Sometimes, though, the infection can spread from the intestines to the blood
stream and into other parts of the body, possibly causing death, according to
the CDC, which cautions that the elderly, infants and people with impaired
immune systems are more likely to see these severe effects. About 400 people
die each year from the salmonella infection.
Contaminated eggs are the leading cause of salmonella, which is the top cause
for food-borne illness, West said, making pasteurized eggs the logical choice
for many.
"It's like an air bag in the car," said Matthew Botos,
the former director of the Illinois
Center for Food Safety
and Technology and a food safety consultant. "Everybody should wear a
seat belt, but you feel much safer when you have an airbag."
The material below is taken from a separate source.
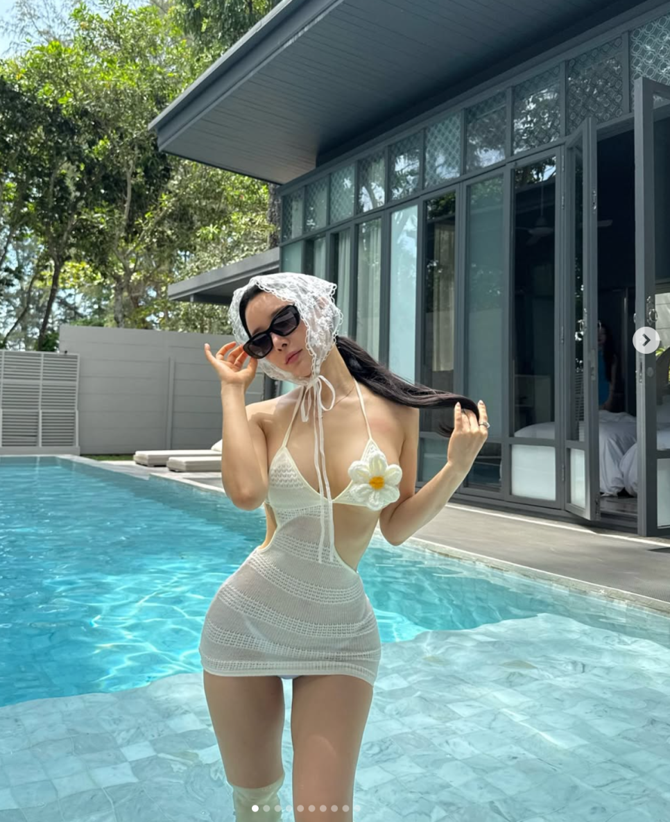박수연 님 화보를 보면 유독 블 계열의 비키니가 눈에 들어오더라구요. 야외 수영장의 맑은 물빛이랑 어우러져서 훨씬 생기 있어 보였거든요.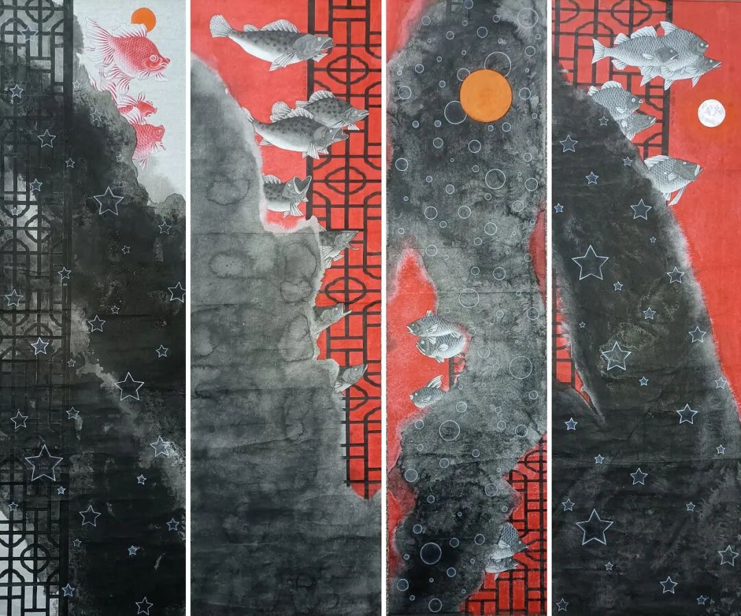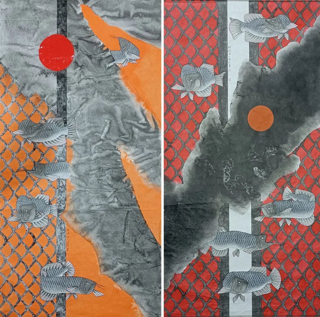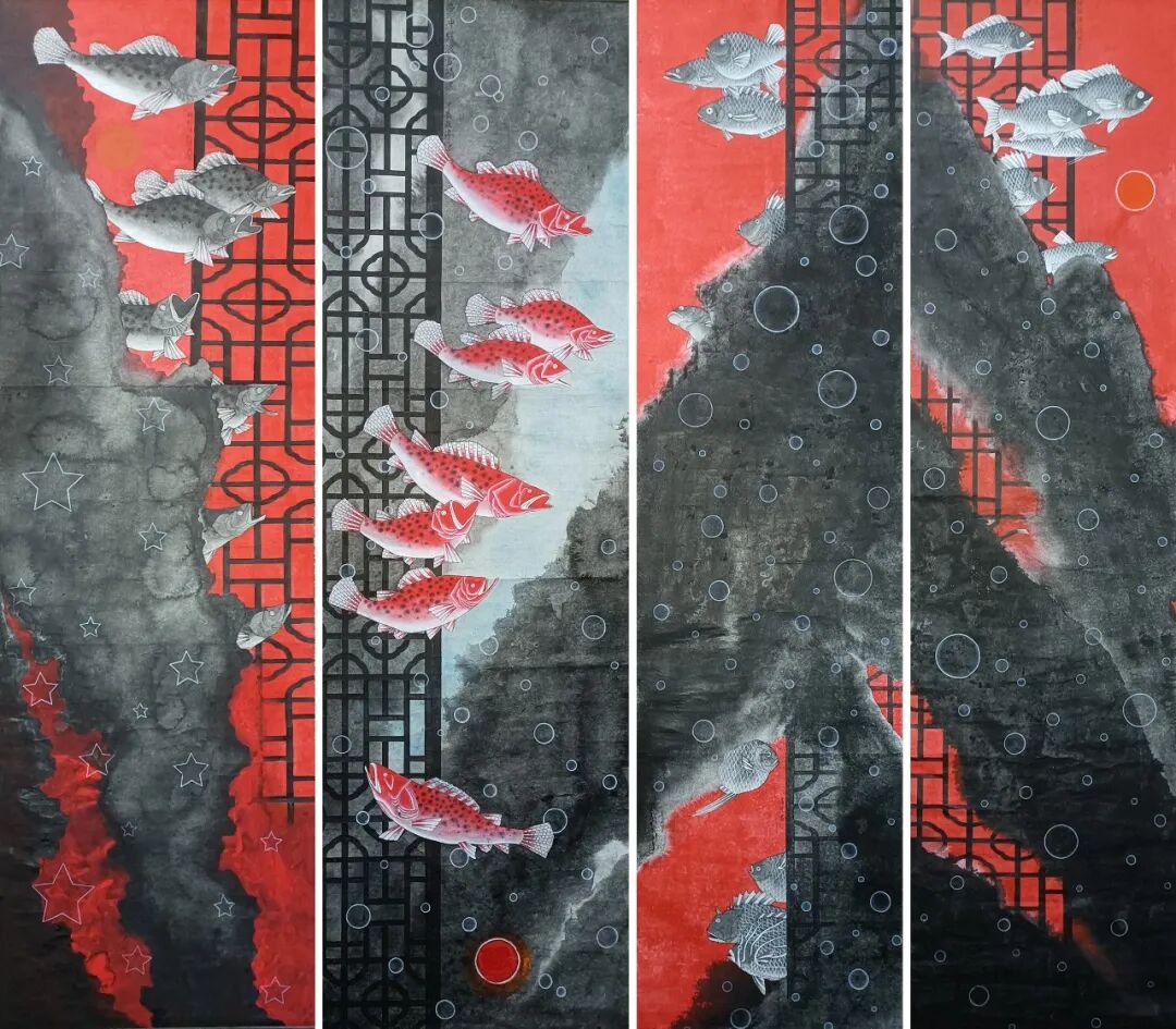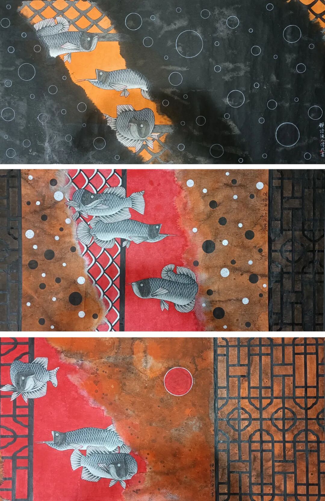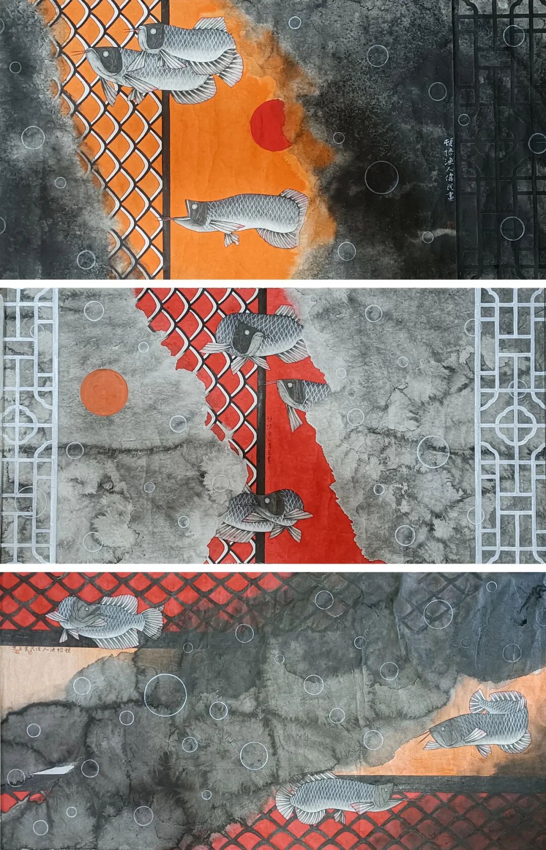 细勾金鳞游碧水,绢素妙意夺天工。鱼在中国传统文化中,是自在与超脱的象征。而祝伟民先生以游鱼入画,实则也就是绘写此间真谛!即以鱼之淡然悠游,映照人心之宁静致远。工笔写意之妙,在乎其外,澄明淡泊之心,则在乎其内!并且众幅画面,也是常以屏风式构图作为背景呈现,以此在典雅含蓄的画面中,透露出几分文人特有的清雅气质。换句话说,这种艺术境界,其实也是祝伟民先生对如今浮躁世风的一种温和抵抗。在他这里,没有功利与纷争,只有游鱼自在的和谐身影,以及那份不染尘俗的涤心画意……

This "air bag" of egg safety was first developed in 1985, following
a series of salmonella outbreaks. Today, the eggs are produced with the brand
name Davidson's Safest Choice and distributed across the United States, Mexico
and Canada,
with more international growth planned for the future.
The process includes an hour spent in a hot water bath, just warm enough to
kill the bacteria without cooking the eggs. "It's like a giant
Jacuzzi," West said. "You have a very efficient, more
cost-effective method of pasteurizing eggs, giving us the opportunity to
pasteurize a lot more eggs than otherwise could have been expected."
The eggs typically are marked up in price by 25 percent to 50 percent in the
marketplace, but West said they're worth the splurge, even in tough economic
times.
"You can't take food safety away as your answer to cost savings,"
West said. "If you're going to be in the food business, food safety
needs to be your priority in recessionary times and in good times. You will
have bad times if you have a food-borne illness."